PROVIDED DATA:

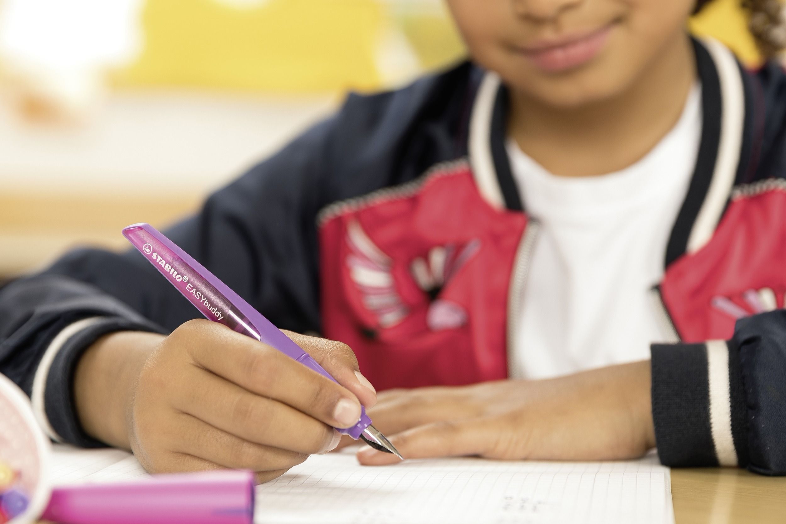 Der STABILO® EASYbuddy® ist der optimale Begleiter für kleine Helden und Heldinnen in der Grundschule. In ihm steckt das ganze Expertenwissen der STABILO® Ergonomie-Profis, sodass ihren Kindern das Finden der richtigen Schreibtechnik einfacher fällt und sie jede Menge Spaß am Schreiben haben. Die universelle, rutschfeste Soft-Griffzone des ergonomischen Schulfüllers sorgt für sicheren Halt, was ein entspannte Stifthaltung fördert und einem frühzeitigen Ermüden der Muskulatur vorbeugt. Eine für den STABILO® EASYbuddy® speziell entwickelte Technologie minimiert zudem das Risiko des Auslaufens der Tinte. Die Feder mit integriertem Iridiumkorn gibt es in Varianten für Anfänger, geübtere Schreiber und Linkshänder. So kann sie entsprechend der Bedürfnisse des Kindes (Schreibdruck, Neigungswinkel, Händigkeit) ausgewählt werden, was bei einer leichten Schreibführung hilft und ein sauberes Schriftbild fördert. Nachfüllbar ist der Füller mit zwei Standardpatronen oder einer Großraumpatrone. Das extra große Sichtfenster sorgt für die leichte Kontrolle des Tintenstandes bei beiden Patronen.
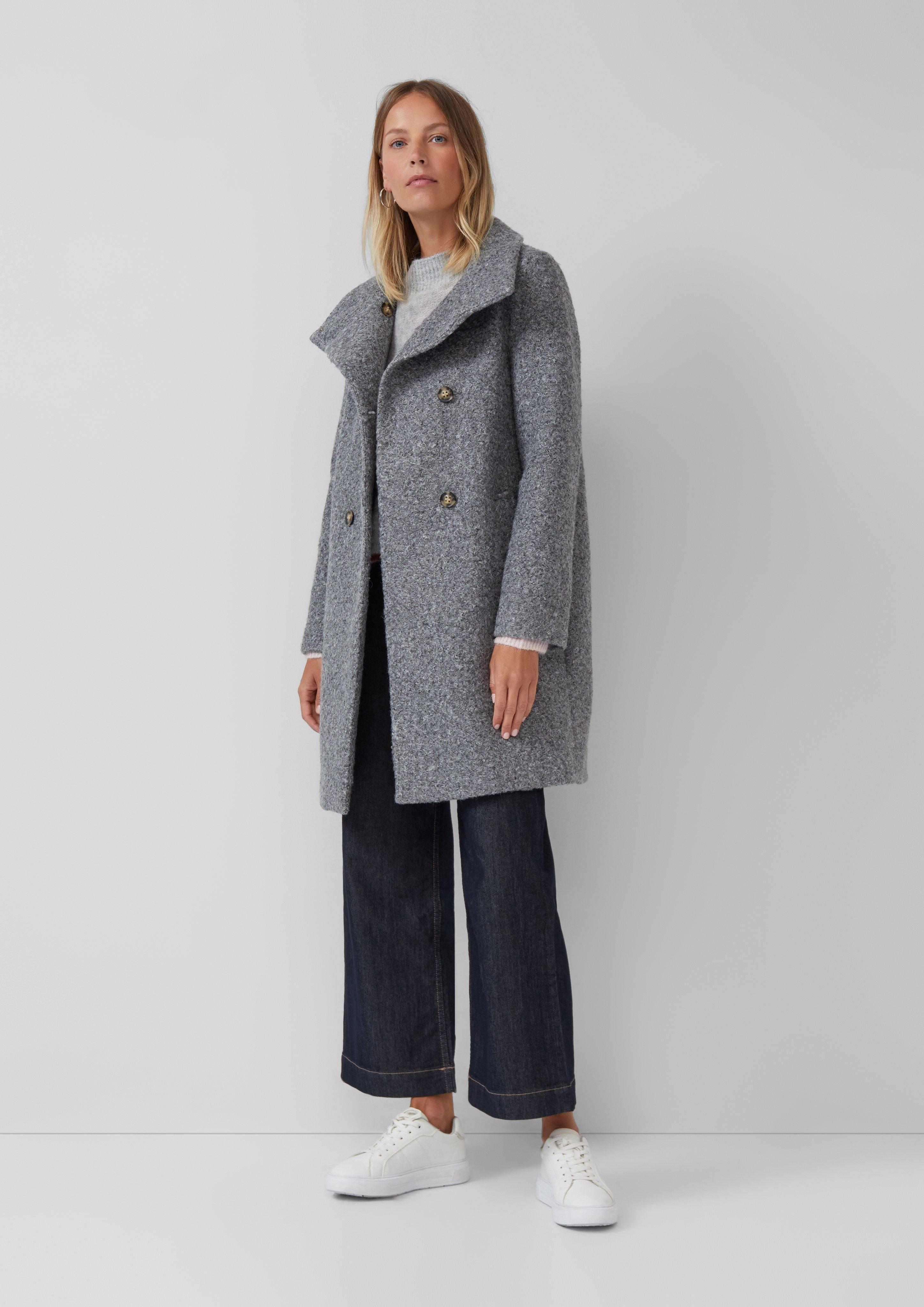 Kabát z bouclé s podšívkou a stojatým golierom
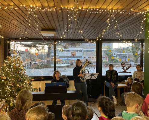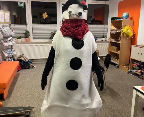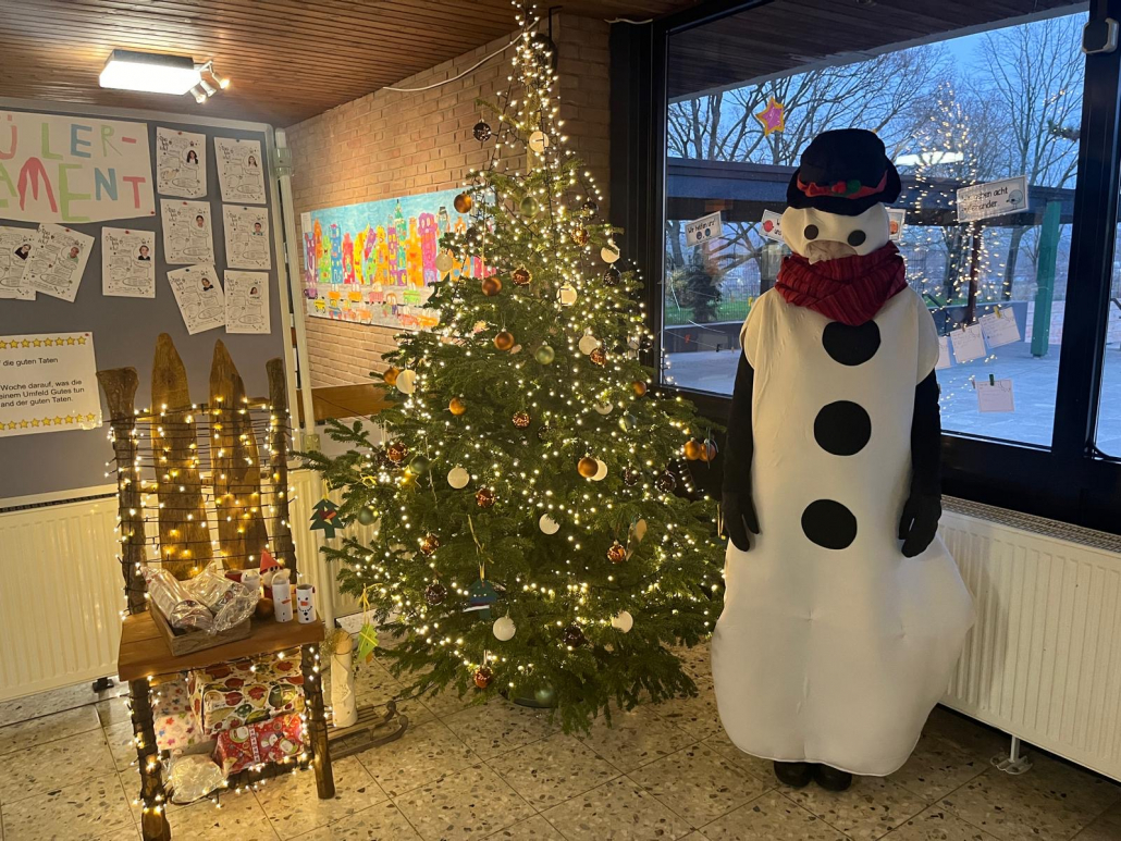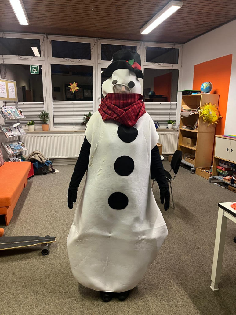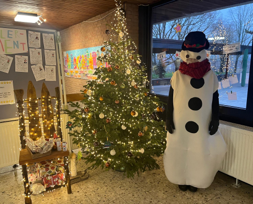 Am letzten Schultag vor den Weihnachtsferien gab es für alle Kinder eine kleine Überraschung: Ein Schneemann nahm ebenfalls am Adventssingen teil und besuchte anschließend die Kinder in den Klassen, um ihnen schöne Ferien zu wünschen.

WORK TO BE COMPLETED: Without any pictures, repeat the listing exactly.

RESULT OF THIS EXERCISE:
 Der STABILO® EASYbuddy® ist der optimale Begleiter für kleine Helden und Heldinnen in der Grundschule. In ihm steckt das ganze Expertenwissen der STABILO® Ergonomie-Profis, sodass ihren Kindern das Finden der richtigen Schreibtechnik einfacher fällt und sie jede Menge Spaß am Schreiben haben. Die universelle, rutschfeste Soft-Griffzone des ergonomischen Schulfüllers sorgt für sicheren Halt, was ein entspannte Stifthaltung fördert und einem frühzeitigen Ermüden der Muskulatur vorbeugt. Eine für den STABILO® EASYbuddy® speziell entwickelte Technologie minimiert zudem das Risiko des Auslaufens der Tinte. Die Feder mit integriertem Iridiumkorn gibt es in Varianten für Anfänger, geübtere Schreiber und Linkshänder. So kann sie entsprechend der Bedürfnisse des Kindes (Schreibdruck, Neigungswinkel, Händigkeit) ausgewählt werden, was bei einer leichten Schreibführung hilft und ein sauberes Schriftbild fördert. Nachfüllbar ist der Füller mit zwei Standardpatronen oder einer Großraumpatrone. Das extra große Sichtfenster sorgt für die leichte Kontrolle des Tintenstandes bei beiden Patronen.
 Kabát z bouclé s podšívkou a stojatým golierom
 Am letzten Schultag vor den Weihnachtsferien gab es für alle Kinder eine kleine Überraschung: Ein Schneemann nahm ebenfalls am Adventssingen teil und besuchte anschließend die Kinder in den Klassen, um ihnen schöne Ferien zu wünschen.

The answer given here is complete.